Should we feed the poor? This is, of course, a rhetorical question. Nothing is more central to the Gospel than that simple mandate. But it does expose a real problem: feeding the poor, if done badly, can keep people poor, increase their dependency on the wealthy and erode our inter-human relationships. It can devolve into a real world “hunger game” in which the powerful manipulate aid in order to help the poor just enough to keep them consuming our goods, but not independent enough to become competitors for markets. Food can be withheld as punishment or doled out as reward in order to retain a sort of queasy economic and political equilibrium that keeps power where it is.
It is this very disturbing manipulation of hunger that lies behind a unique presentation to be given here at St. Ambrose University on Dec. 1 as part of our “Sustain-ability” series. Two speakers will unpack the moral complexity of aiding the hungry, as both a humanitarian and an environmental challenge, fraught with geo-political and social justice overtones.

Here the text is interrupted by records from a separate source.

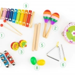 Il set include strumenti a percussione molto amati – dal tamburello e triangolo alle maracas e ai piattini – grazie ai quali il bambino sviluppa coordinazione occhio-mano, concentrazione e creatività. La lavorazione sicura senza spigoli vivi e i materiali resistenti garantiscono una lunga durata.
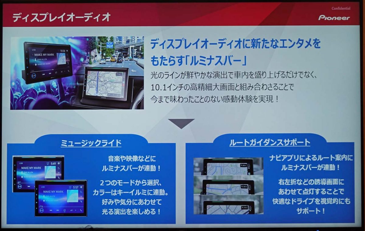 これは、ディスプレイ部の上側に設置された横長のイルミネーションで、音楽のレベルに応じてフラッシングしたり、ナビアプリのルート案内に連動して点灯するというものになります。再生中の楽曲に合わせて光で演出するのが「ミュージックライド」で、発光色や発光パターンは複数用意し、どこか昭和のカーオーディオの雰囲気を醸し出します。また、「ルートガイダンスサポート」は、連携したナビアプリの右左折案内に合わせて、その方向を発光するもので、直感的に曲がる方向がわかることができるメリットがあります。
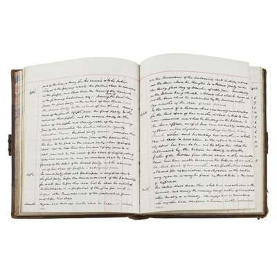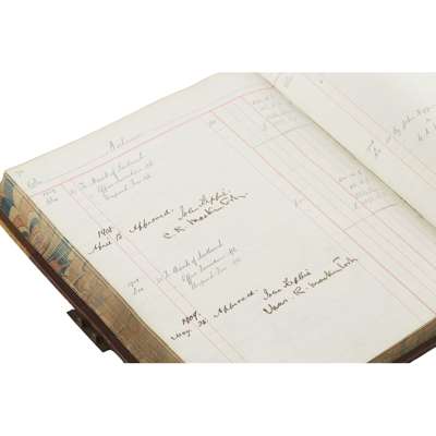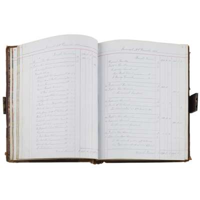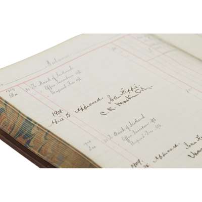 the first dated 31st December 1889 - 31st December 1903, manuscript accounts including records of sums owed by Miss Cranston Sauchiehall Street in 1903, Glasgow School of Art and the Glasgow Herald Buildings; the second dated 1st January 1901 - 31st December 1923 including details of Mackintosh's expenditures and fees and records of fees owed by the Glasgow School of Art and others, also included is a manuscript copy of the "Contract of Partnership between John Keppie Architect in Glasgow of the first part and Charles Rennie Mackintosh Architect there of the second part", with Mackintosh's signature appearing 13 times on the balance sheets, both volumes in uniform half calf over red cloth

We are all aware of the food crisis: 14 percent of those living in developing countries are malnourished; half of childhood deaths are caused by hunger; in America 17 million kids are “food-insecure;” the richest 1 percent possess 40 percent of all income in America. Global population is headed toward 9 billion while efforts to ramp up productivity destroy wild fish populations, cause heavier reliance on GMO grains and extend agriculture into fragile systems. Yeah, we get it. What can we do about it? Our speakers show us even while exposing those deep layers of complexity.
Matt Ehlman, former vice president for development at Red Cloud Indian School on Pine Ridge Reservation, S.D., now works to bring philanthropists together with causes.  One of his clients is “Feeding South Dakota,” whose goal is to halve the hunger in that state (South Dakota has eight of the nation’s 30 poorest counties). When he heard the title of the event, “Shall We Feed the Hungry,” Matt said: “just come out here and see.” Based on his Ph.D. research he argues that philanthropy is the collaborative link between people with expressed needs and those who have the means to help. That recipients retain their dignity and control of their own decisions is crucial.

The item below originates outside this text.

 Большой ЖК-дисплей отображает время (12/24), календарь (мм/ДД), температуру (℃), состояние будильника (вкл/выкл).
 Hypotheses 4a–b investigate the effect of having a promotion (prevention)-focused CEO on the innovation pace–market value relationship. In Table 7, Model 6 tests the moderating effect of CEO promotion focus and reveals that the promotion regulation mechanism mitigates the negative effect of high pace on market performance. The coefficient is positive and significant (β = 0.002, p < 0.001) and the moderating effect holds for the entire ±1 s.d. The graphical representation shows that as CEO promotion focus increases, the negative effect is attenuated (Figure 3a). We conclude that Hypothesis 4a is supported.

Troy Johnson, a Fulbright Scholar, has worked in international development for a number of years in such places as Kazakhstan, Indonesia and Liberia. He is now with “World Learning” as a senior program officer for Pakistan. He points out that U.S. foreign aid is an essential, but inadequate, means of helping those in the developing world. We are trying, he says, “to steer a very large vehicle (globalization) with a very tiny steering wheel (foreign aid).” He adds that non-military aid from the U.S. is “dwarfed” by “private sector or off-market trade” and even by remittances (money sent home by immigrants working abroad). Further, because foreign aid is inextricably linked to our international political agenda, it isn’t necessarily aid to those who need it the most, but strategic “targeted help for a few.”
The point that both of these good men make, I think, is that feeding the poor doesn’t mean simply shifting wealth.  Internationally, it is an extension of State Department diplomacy, caught up in achieving some sort of geo-political stability. The aid that is being rushed to the Philippines, for example, will not just alleviate immediate suffering; it will be designed to fundamentally adapt the islands’ infrastructure — including agriculture and even the natural environment — so that the next crisis may be less violent.  In the realm of private philanthropy, feeding the poor means cultivating relationships — an active engagement among people so that everyone benefits. Christian philanthropists recognize Christ in the act of sharing…. “for I was hungry and you gave me food, I was thirsty and you gave me drink, I was a stranger and you welcomed me,” says our Lord (Mt. 25:35).
(Father Bud Grant is a professor of theology at St. Ambrose University in Davenport.)